__What to do__
Lines from the one containing "Салатовая турбинария ярко-флюрисцентная, диаметр" through the final line of the records below are needed, copied exactly, with no pictures.

__Dataset excerpts__
- - - -

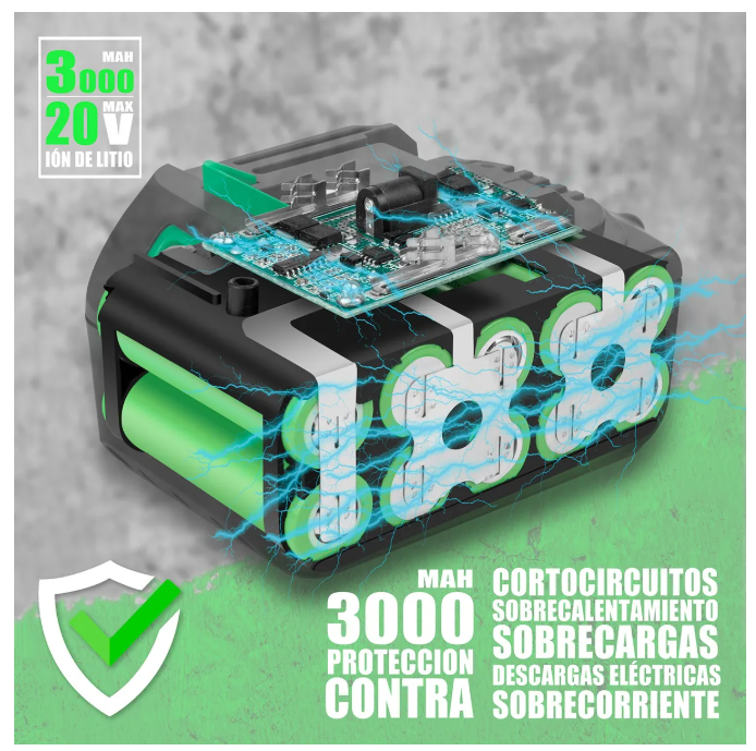 2 Baterías 3000mAh: Dos baterías de 20V 3000mAh con cargador rápido, para un trabajo continuo sin interrupciones.
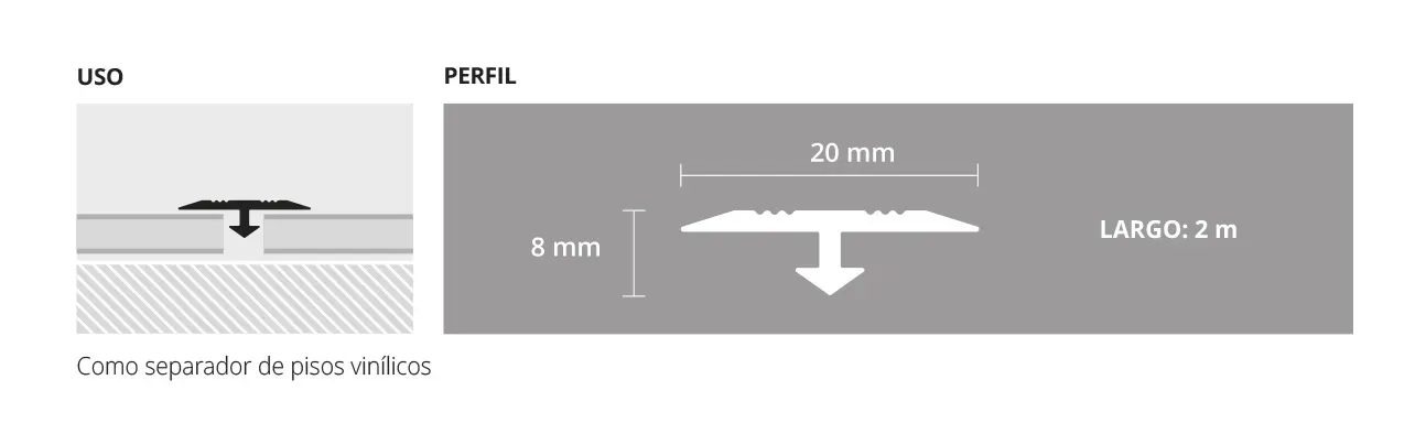 Perfil de aluminio diseñado para transiciones estéticas en las uniones de pisos vinílicos de 3, 4, 5 y 8 mm de espesor. Evita la formación de escalones y cubre los bordes de los revestimientos.
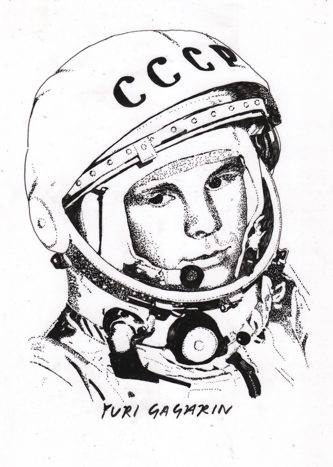 ![Юрий Гагарин портрет рисунок]()
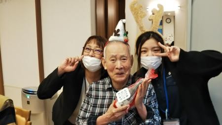 プレゼントもさせていただき、施設長とスタッフと3ショット!
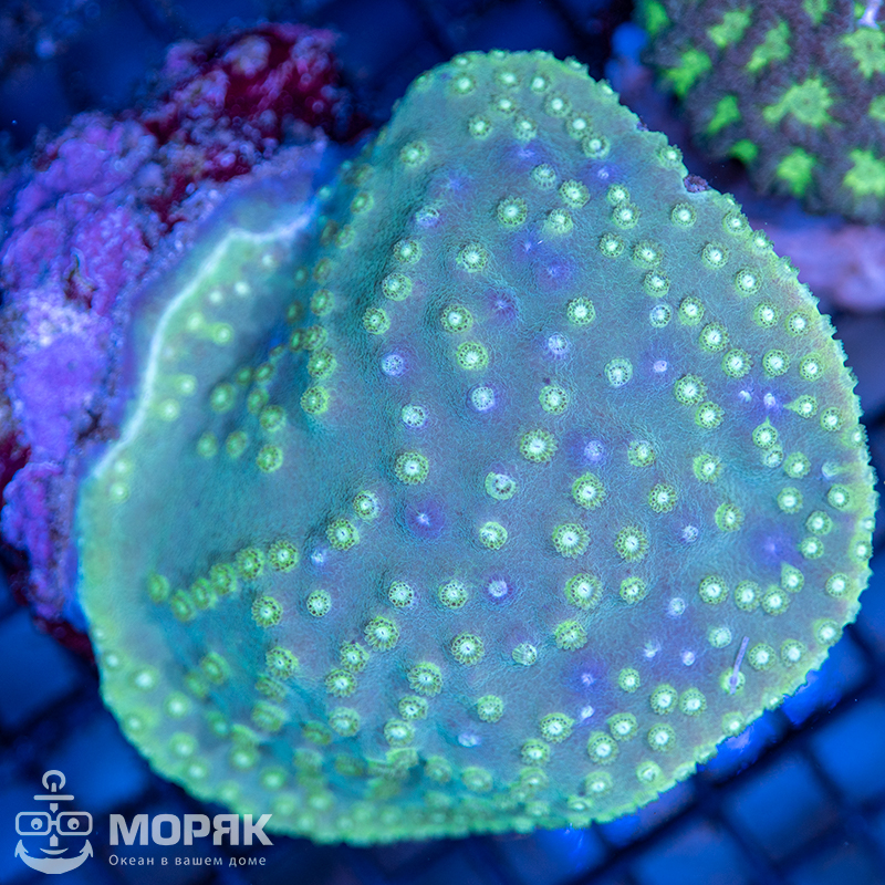 Салатовая турбинария ярко-флюрисцентная, диаметр коралла около 12 см.
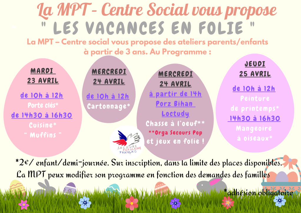A chaque période de vacances scolaires, la MPT – Centre social vous propose 3 journées consécutives d’animation pour petits et grands. Au programme, un espace de jeux adapté à chaque âge (jeux de construction, d’imitation, de société, coin bébé) et des animations thématiques (bricolage, activité manuelle, cuisine).
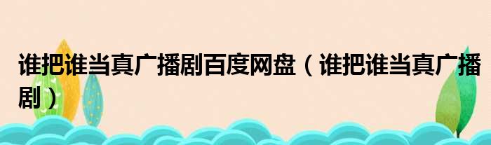 谁把谁当真广播剧百度网盘(谁把谁当真广播剧)

- - - -

__Answer space__
 Салатовая турбинария ярко-флюрисцентная, диаметр коралла около 12 см.
A chaque période de vacances scolaires, la MPT – Centre social vous propose 3 journées consécutives d’animation pour petits et grands. Au programme, un espace de jeux adapté à chaque âge (jeux de construction, d’imitation, de société, coin bébé) et des animations thématiques (bricolage, activité manuelle, cuisine).
 谁把谁当真广播剧百度网盘(谁把谁当真广播剧)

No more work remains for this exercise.